(Saved data entries)
------------------------------------------------------------

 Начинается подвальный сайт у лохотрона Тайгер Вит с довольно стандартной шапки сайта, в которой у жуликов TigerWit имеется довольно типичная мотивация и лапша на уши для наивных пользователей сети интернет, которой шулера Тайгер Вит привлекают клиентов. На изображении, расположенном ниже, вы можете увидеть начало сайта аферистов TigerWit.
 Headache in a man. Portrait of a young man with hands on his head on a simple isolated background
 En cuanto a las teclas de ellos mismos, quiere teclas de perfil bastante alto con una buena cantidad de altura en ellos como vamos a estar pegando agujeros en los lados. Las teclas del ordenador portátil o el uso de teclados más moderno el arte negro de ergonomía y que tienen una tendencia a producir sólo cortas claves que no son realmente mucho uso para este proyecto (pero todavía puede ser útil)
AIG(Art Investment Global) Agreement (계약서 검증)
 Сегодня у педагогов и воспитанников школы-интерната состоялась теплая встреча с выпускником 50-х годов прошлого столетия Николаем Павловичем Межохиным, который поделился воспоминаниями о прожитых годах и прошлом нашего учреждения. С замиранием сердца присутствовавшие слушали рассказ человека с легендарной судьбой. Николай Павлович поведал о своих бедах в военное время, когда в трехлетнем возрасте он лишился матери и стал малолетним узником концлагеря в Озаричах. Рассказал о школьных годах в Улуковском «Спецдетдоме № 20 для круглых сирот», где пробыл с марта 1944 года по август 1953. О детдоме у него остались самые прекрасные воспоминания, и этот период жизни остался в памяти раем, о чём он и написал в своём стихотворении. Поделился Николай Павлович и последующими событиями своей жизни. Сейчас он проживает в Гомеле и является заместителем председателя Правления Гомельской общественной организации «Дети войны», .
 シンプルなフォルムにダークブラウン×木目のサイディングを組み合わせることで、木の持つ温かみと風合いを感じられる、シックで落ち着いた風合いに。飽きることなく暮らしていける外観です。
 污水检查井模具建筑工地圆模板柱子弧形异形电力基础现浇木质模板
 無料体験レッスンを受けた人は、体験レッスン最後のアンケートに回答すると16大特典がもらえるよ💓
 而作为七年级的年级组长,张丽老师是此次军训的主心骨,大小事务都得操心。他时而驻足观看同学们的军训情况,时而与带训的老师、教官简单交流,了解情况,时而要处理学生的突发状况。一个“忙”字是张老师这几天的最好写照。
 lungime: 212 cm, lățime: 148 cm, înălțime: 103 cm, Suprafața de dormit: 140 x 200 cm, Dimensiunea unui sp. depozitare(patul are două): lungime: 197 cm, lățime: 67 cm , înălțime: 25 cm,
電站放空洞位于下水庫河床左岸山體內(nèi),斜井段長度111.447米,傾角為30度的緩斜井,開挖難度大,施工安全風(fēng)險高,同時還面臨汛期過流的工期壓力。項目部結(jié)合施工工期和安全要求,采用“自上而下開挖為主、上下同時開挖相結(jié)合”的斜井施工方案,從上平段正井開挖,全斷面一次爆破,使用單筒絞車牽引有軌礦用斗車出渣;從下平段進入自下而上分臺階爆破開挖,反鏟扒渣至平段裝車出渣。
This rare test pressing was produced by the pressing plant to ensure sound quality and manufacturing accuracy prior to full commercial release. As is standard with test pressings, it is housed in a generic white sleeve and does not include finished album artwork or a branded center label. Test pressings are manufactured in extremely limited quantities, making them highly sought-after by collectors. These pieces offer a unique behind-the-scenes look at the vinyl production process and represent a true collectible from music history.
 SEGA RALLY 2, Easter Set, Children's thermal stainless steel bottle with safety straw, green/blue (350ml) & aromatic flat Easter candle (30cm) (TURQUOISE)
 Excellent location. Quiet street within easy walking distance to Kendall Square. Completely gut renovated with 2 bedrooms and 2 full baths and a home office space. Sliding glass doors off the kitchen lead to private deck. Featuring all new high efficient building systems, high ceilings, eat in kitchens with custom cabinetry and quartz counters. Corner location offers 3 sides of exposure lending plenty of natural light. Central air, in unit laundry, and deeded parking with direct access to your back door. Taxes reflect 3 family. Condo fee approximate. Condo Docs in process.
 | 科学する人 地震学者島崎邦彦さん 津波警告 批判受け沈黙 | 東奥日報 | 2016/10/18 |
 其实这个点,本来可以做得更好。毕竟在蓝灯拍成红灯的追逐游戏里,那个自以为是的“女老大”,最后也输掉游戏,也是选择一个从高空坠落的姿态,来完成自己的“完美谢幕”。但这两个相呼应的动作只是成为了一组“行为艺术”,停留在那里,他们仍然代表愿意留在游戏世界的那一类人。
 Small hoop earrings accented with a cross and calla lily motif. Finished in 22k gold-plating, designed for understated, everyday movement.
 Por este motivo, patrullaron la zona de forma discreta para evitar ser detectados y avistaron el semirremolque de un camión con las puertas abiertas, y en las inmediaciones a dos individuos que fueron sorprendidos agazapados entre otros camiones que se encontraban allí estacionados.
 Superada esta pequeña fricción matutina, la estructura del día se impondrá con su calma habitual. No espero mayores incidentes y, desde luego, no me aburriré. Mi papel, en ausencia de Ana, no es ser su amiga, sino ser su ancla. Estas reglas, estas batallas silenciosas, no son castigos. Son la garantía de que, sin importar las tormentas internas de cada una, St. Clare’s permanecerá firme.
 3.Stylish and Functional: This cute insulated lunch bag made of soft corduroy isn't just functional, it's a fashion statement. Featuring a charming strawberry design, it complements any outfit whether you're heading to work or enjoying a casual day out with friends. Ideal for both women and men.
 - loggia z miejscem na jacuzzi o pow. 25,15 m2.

------------------------------------------------------------

# WORK TASK:
Take exactly the lines from the one containing "污水检查井模具建筑工地圆模板柱子弧形异形电力基础现浇木质模板" through the one containing "而作为七年级的年级组长,张丽" in the data above, and output them with nothing added.

# COMPLETED EXERCISE:
 污水检查井模具建筑工地圆模板柱子弧形异形电力基础现浇木质模板
 無料体験レッスンを受けた人は、体験レッスン最後のアンケートに回答すると16大特典がもらえるよ💓
 而作为七年级的年级组长,张丽老师是此次军训的主心骨,大小事务都得操心。他时而驻足观看同学们的军训情况,时而与带训的老师、教官简单交流,了解情况,时而要处理学生的突发状况。一个“忙”字是张老师这几天的最好写照。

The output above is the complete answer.